▶ EXERCISE DESCRIPTION: Among the entries below, which lines run from the line with "Trend view shows" through the line with "Versatile Storage Solution: With"? Retype those, both ends included, exactly and without pictures.

▶ SOURCE MATERIAL:
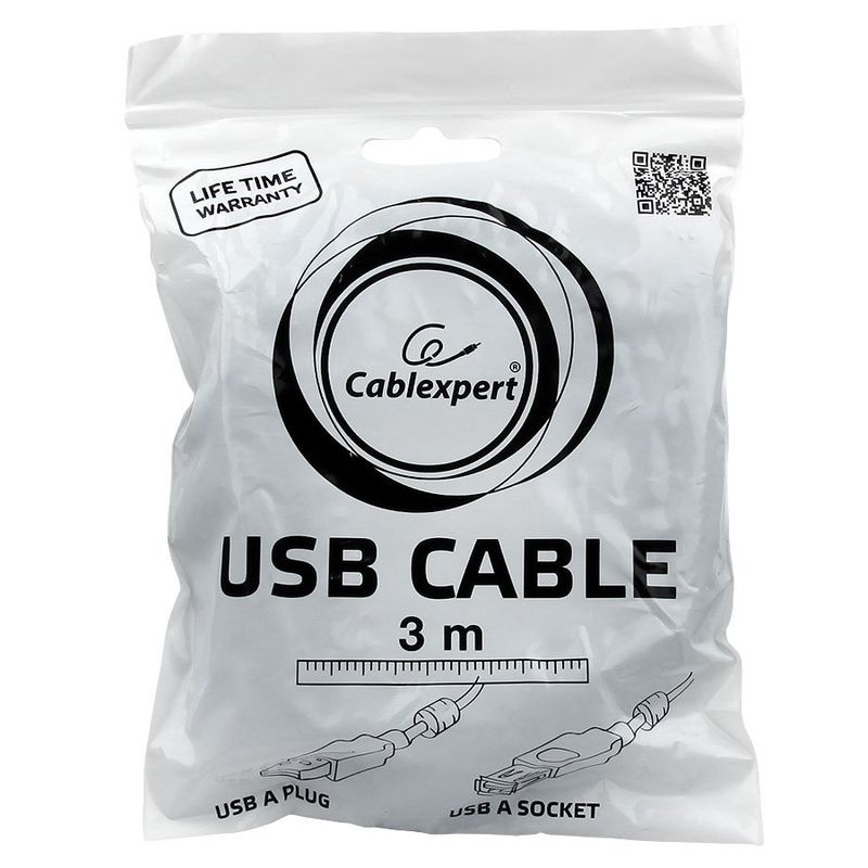 Соединительный кабель Cablexpert предназначен для облегчения доступа к USB порту компьютера или для удлинения USB кабеля. Поддерживает спецификацию USB 2.0, обеспечивающую скорость передачи данных до 480 Мбит/сек. Ферритовые фильтры и двойное экранирование (фольга +сетка) препятствуют возникновению помех и искажений при передаче сигнала. Литые разъемы гарантируют продолжительный срок службы кабеля.
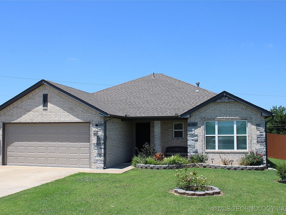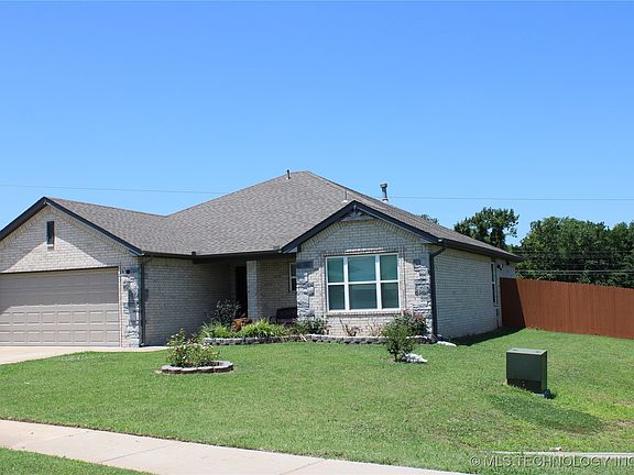 Welcome to this beautiful 3-bedroom, 2-bath split bedroom plan, in desirable Ashbury Park Phase VI! Ideally located just steps from the community splash pad , pavilion and pond. This home backs to a greenbelt and features a full privacy fenced backyard, perfect for relaxing or entertaining. Inside, you'll find an open-concept living area with a cozy gas fireplace and kitchen equipped with granite counter tops, stainless steel appliance, a pantry, and plenty of storage. Perfect for entertaining! The primary suite boasts a soaker tub, separate shower, dual vanities, and dual walk-in closets. Additional features include a water softener system, a tranquil water feature in the front flower bed, steel screen security doors on both front and back doors, and two-car garage with new garage door. All just minutes from Owasso and Collinsville! This home has it all!
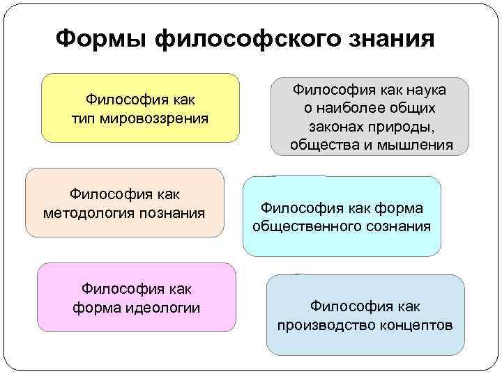 Формы философского знания Философия как наука Философия как о наиболее общих тип мировоззрения законах природы, общества и мышления Философия как методология познания Философия как форма общественного сознания Философия как форма идеологии Философия как производство концептов
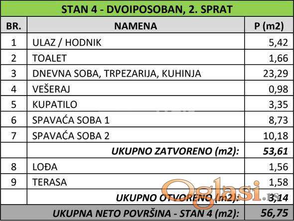 Ukupna površina stana 56,75m2 sa terasom (1,58m2) i lođom (1,56m2), grejne površine 53,61m2.
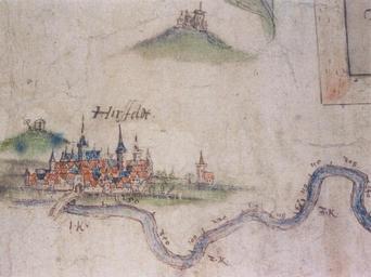 | Keywords: Moers-fuda-stromkarte1.jpg  de Erster Abschnitt aus der historischen Karte Fulda-Stromkarte von Joist Moers um 1597 angefertigt Zu sehen ist Hersfeld mit der alten Fuldabrücke und des angedeuteten Zuflusses des Geisbaches im Vordergrund Rechts daneben ist die auf freiem Feld in der Fuldaaue stehende Klauskirche eingezeichnet Links über der Stadt ist der Galgenplatz mit Galgen und dem Richtrad angedeutet lag auf einer Anhöhe des Tageberges heute vermutlich in der Straße Am Hainberg Rechts über der Stadt ist der Frauenberg mit dem dort befindlichen Koster angedeutet en First part of the historic map Fulda-Stromkarte from Joist Moers drawn around 1597 Is's shows the town Hersfeld today Bad Hersfeld the old bridge over the river Fulda the church Klauskirche outside of the defensive wall from Hersfeld the Breaking wheel and gallows the hill Frauenberg with its monastery scaned 1597 Joist Moers ca 1540 “1625 PD-old-100 PD-old-100 Joist Moers Old maps of Hersfeld Maps made in the 16th century Breaking wheels |
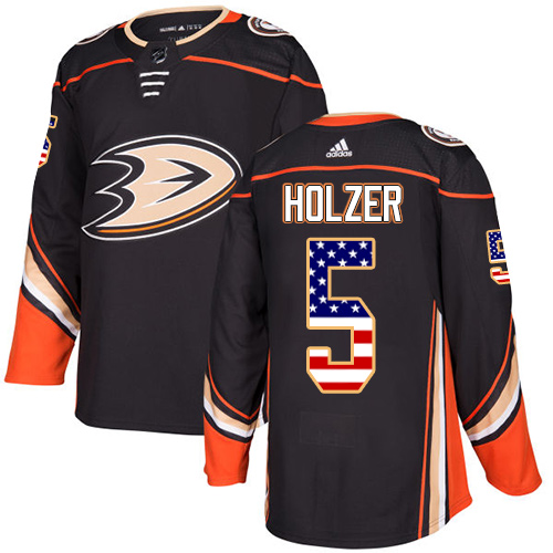 Dětské NHL Anaheim Ducks dresy 5 Korbinian Holzer Authentic Černá Adidas USA Flag Fashion
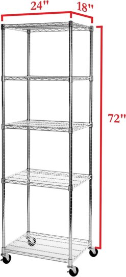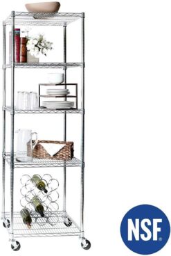 Seville Classics UltraDurable Heavy Duty NSF Solid Steel Wire Rack Storage Unit Organizer for Garage, Warehouse, Office, Restaurant, Classroom, Kitchen, 5-Tier Shelving, 24″ W x 18″ D
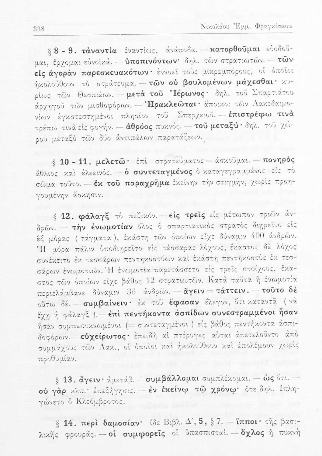 Ξενοφών, Νικόλαος Εμμ. Φραγκίσκος (σχόλια)
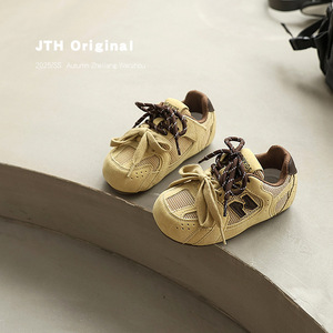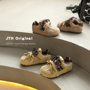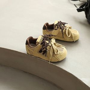 2025年秋の新スタイルのレトロなカラーブロックのダブルレースアップスポーツシューズ、男の子と女の子用、中型および大型の子供用カジュアルで多用途な道徳訓練靴とランニングシューズ
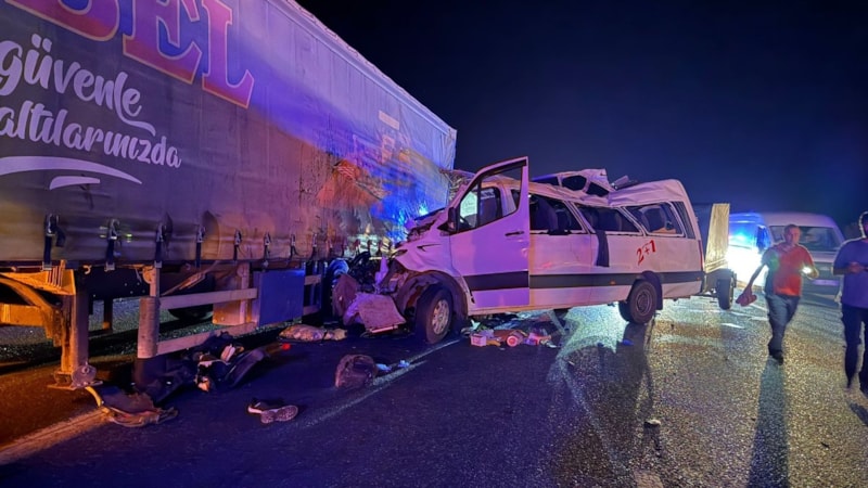 Mersin'in Tarsus-Pozantı Otoyolu Damlama mevkisinde tarım işçilerini taşıyan minibüs, otoyolda önünde giden tıra arkadan çarptı.
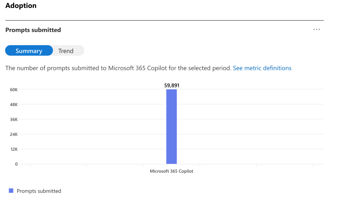 Trend view shows the daily trend of prompts submitted in Microsoft 365 Copilot over the selected time frame.
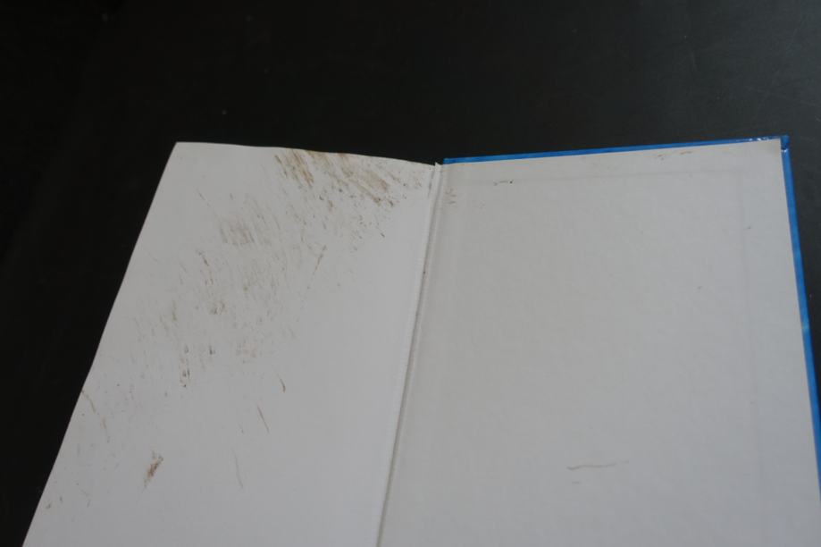 Knjiga ni bila v uporabi, mi je pa padla na tla in ima umazano čisto zadnji del - notranji del platnic in en del lista zadaj.
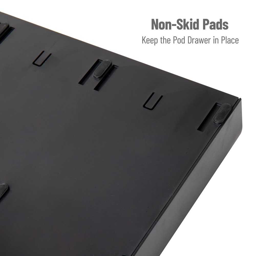 Versatile Storage Solution: With a total of ten compartments and three drawers spread across two matching pieces, this set offers ample storage space to organize your coffee and condiments effectively Optimized Space Usage: The stackable design of the flat pod storage drawer provides a sturdy base for your coffee maker, while the slim tower organizer fits snugly on top, maximizing your counter space and creating an efficient setup Secure and Stable: Designed with a non-slip feature, both the drawer and condiment caddy stay securely in place during usage, preventing any accidental slips or spills Lightweight and Durable: Made from food-safe materials, this sleek set is lightweight, weighing only 1 pound (453 grams), making it easy to move and reposition as needed. Despite its lightweight design, it is built to withstand daily use Compact Dimensions: The pod drawer measures 13.5 inches long x 12.25 inches wide x 2.5 inches tall (34.29 x 31.11 x 6.35 centimeters), the condiment caddy is 5.35 inches long x 11.25 inches wide x 11.15 inches tall (13.59 x 28.57 x 28.32 centimeters)
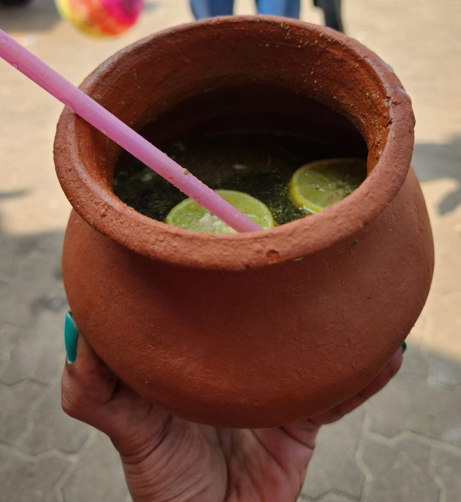 We were back to the mainland by around 1 PM and while the ladies got busy shopping for handicrafts, dresses and fridge magnets, I went around the small park and Sea Walkway. The coolants served in the Matkas (Earthern Pots) were awesome and especially the Masala Lime Soda and Tempered Buttermilk garnished with Chillies and Ginger.
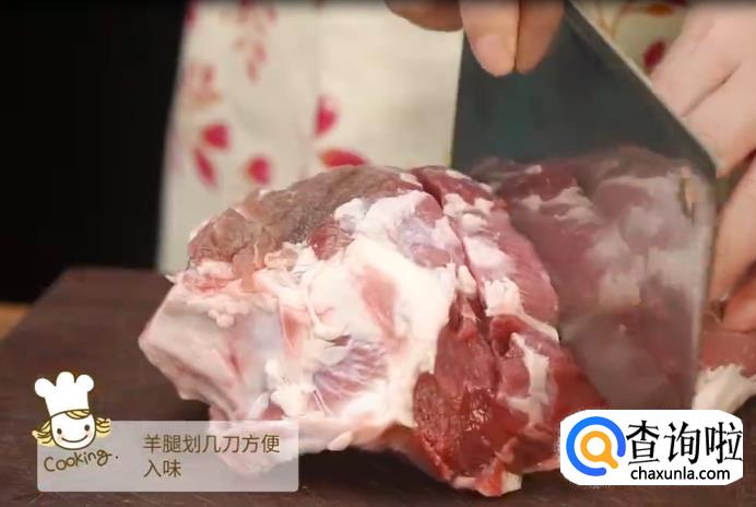 羊腿洗净后,划几道方便入味。

▶ WORKED SOLUTION:
 Trend view shows the daily trend of prompts submitted in Microsoft 365 Copilot over the selected time frame.
 Knjiga ni bila v uporabi, mi je pa padla na tla in ima umazano čisto zadnji del - notranji del platnic in en del lista zadaj.
 Versatile Storage Solution: With a total of ten compartments and three drawers spread across two matching pieces, this set offers ample storage space to organize your coffee and condiments effectively Optimized Space Usage: The stackable design of the flat pod storage drawer provides a sturdy base for your coffee maker, while the slim tower organizer fits snugly on top, maximizing your counter space and creating an efficient setup Secure and Stable: Designed with a non-slip feature, both the drawer and condiment caddy stay securely in place during usage, preventing any accidental slips or spills Lightweight and Durable: Made from food-safe materials, this sleek set is lightweight, weighing only 1 pound (453 grams), making it easy to move and reposition as needed. Despite its lightweight design, it is built to withstand daily use Compact Dimensions: The pod drawer measures 13.5 inches long x 12.25 inches wide x 2.5 inches tall (34.29 x 31.11 x 6.35 centimeters), the condiment caddy is 5.35 inches long x 11.25 inches wide x 11.15 inches tall (13.59 x 28.57 x 28.32 centimeters)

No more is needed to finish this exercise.